### Work request
When the line with "With any Hideout" appears below, start repeating lines exactly, and keep going through the line with "Hver onsdag afsluttes"; add nothing outside that span.

--- Information shown Enclosed Below ---

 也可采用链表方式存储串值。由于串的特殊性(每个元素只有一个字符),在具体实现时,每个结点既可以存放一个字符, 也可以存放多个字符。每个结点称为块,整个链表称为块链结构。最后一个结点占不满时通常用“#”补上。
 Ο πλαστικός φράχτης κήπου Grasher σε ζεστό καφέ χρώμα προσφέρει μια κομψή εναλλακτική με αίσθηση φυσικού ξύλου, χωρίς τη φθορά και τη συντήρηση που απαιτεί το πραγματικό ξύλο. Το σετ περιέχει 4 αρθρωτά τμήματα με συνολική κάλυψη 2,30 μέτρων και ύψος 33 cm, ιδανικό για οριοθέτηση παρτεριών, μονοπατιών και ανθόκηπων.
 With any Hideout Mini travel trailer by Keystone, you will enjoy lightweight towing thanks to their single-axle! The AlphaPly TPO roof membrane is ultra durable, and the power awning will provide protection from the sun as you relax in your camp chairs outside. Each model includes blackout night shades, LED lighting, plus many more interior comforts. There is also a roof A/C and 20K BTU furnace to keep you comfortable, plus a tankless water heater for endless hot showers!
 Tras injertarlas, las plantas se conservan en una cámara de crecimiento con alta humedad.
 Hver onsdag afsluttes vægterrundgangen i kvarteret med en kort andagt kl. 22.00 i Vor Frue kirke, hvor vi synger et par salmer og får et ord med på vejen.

--- End of Enclosed Information shown ---
--- Information shown Enclosed Below ---

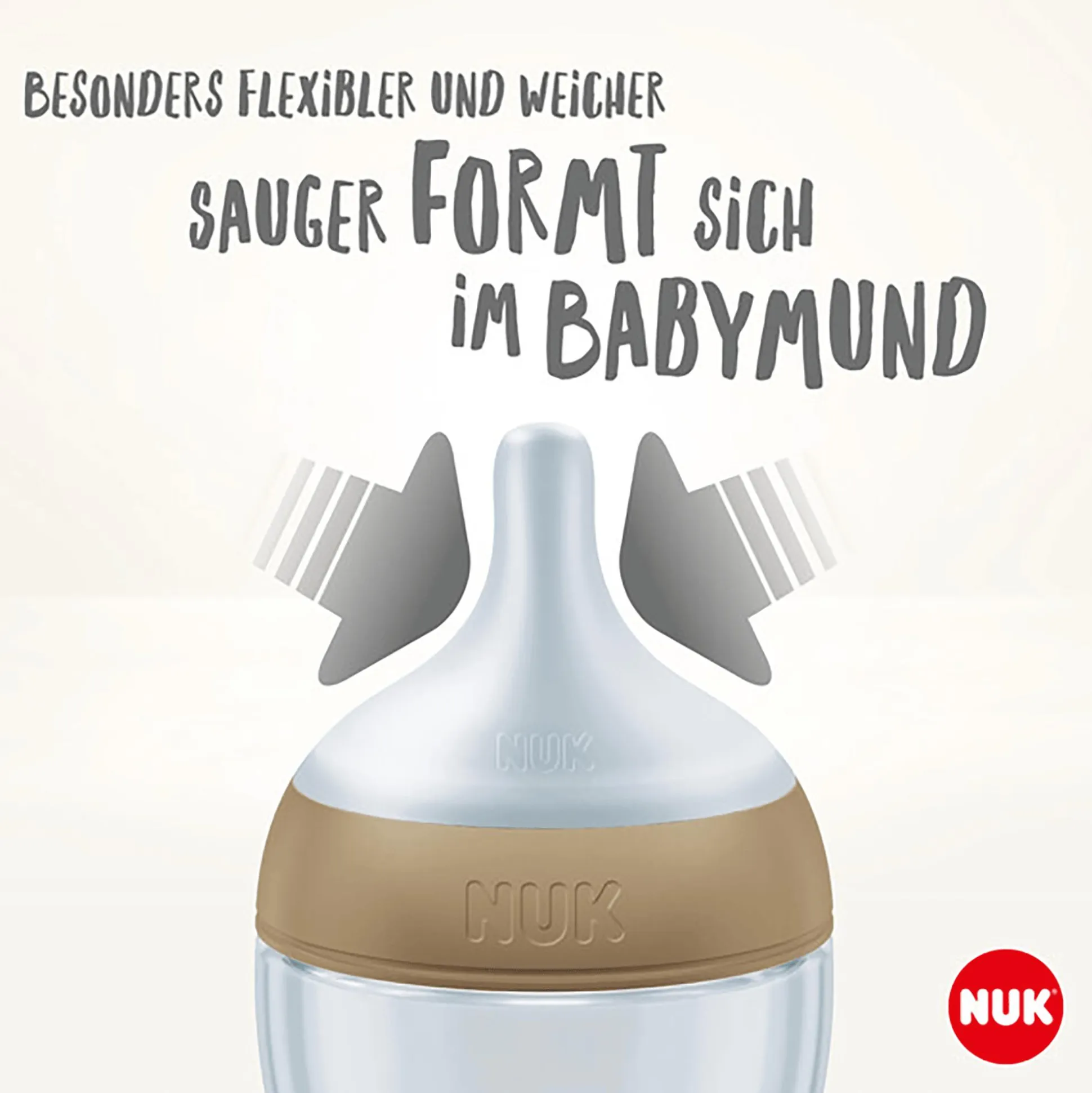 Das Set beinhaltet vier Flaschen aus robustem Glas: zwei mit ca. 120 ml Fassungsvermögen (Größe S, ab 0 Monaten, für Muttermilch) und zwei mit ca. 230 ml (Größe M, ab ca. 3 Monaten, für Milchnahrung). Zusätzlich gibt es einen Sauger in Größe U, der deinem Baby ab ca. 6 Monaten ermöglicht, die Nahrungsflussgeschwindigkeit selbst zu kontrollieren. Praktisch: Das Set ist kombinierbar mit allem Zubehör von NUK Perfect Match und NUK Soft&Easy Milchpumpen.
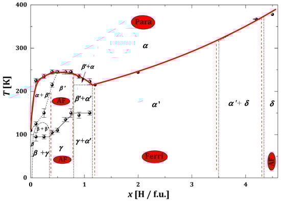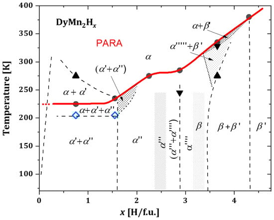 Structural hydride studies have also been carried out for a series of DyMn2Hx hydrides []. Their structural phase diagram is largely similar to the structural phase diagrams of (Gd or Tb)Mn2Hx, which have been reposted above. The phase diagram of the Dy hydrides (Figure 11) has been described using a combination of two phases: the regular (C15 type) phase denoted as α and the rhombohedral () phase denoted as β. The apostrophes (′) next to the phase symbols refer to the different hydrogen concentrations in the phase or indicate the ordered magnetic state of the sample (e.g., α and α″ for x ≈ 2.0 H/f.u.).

--- End of Enclosed Information shown ---
--- Information shown Enclosed Below ---

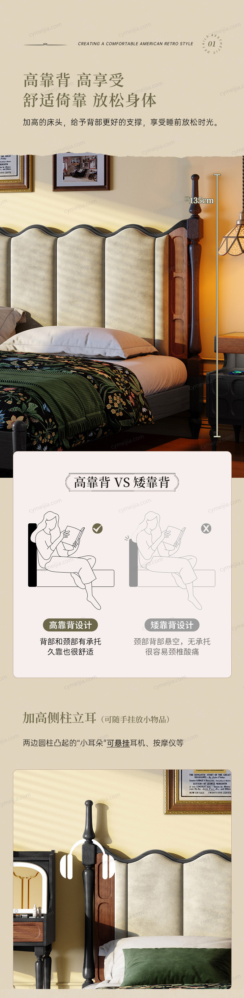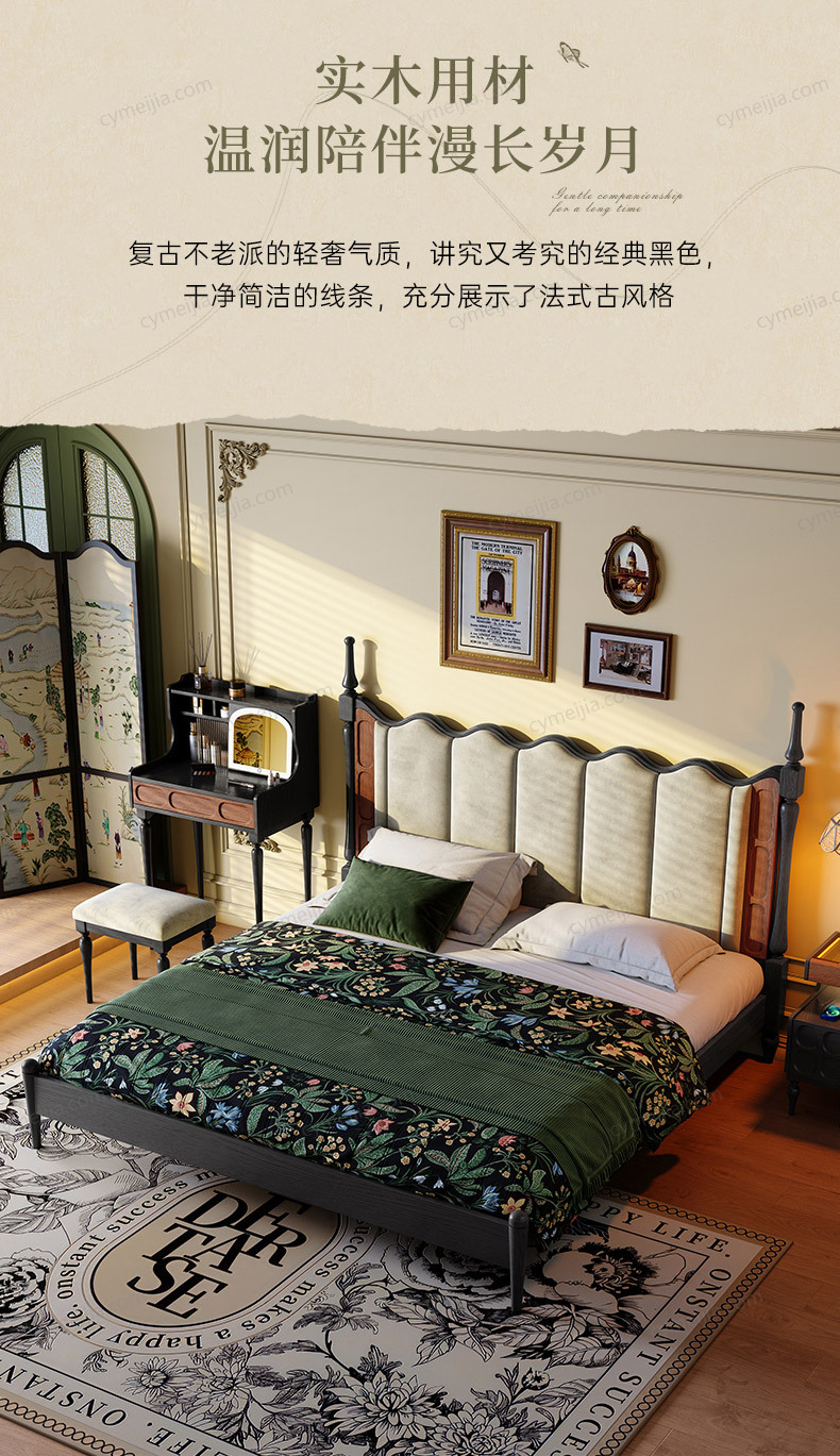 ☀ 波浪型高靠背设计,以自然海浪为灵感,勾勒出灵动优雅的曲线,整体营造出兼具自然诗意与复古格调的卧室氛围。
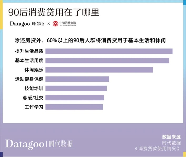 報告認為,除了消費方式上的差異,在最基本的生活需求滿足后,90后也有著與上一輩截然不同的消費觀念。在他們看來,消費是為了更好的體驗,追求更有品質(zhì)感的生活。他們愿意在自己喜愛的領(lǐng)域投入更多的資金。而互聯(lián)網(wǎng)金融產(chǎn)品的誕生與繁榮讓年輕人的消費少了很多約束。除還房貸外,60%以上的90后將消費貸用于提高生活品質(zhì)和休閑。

--- End of Enclosed Information shown ---

### Exercise answer
 With any Hideout Mini travel trailer by Keystone, you will enjoy lightweight towing thanks to their single-axle! The AlphaPly TPO roof membrane is ultra durable, and the power awning will provide protection from the sun as you relax in your camp chairs outside. Each model includes blackout night shades, LED lighting, plus many more interior comforts. There is also a roof A/C and 20K BTU furnace to keep you comfortable, plus a tankless water heater for endless hot showers!
 Tras injertarlas, las plantas se conservan en una cámara de crecimiento con alta humedad.
 Hver onsdag afsluttes vægterrundgangen i kvarteret med en kort andagt kl. 22.00 i Vor Frue kirke, hvor vi synger et par salmer og får et ord med på vejen.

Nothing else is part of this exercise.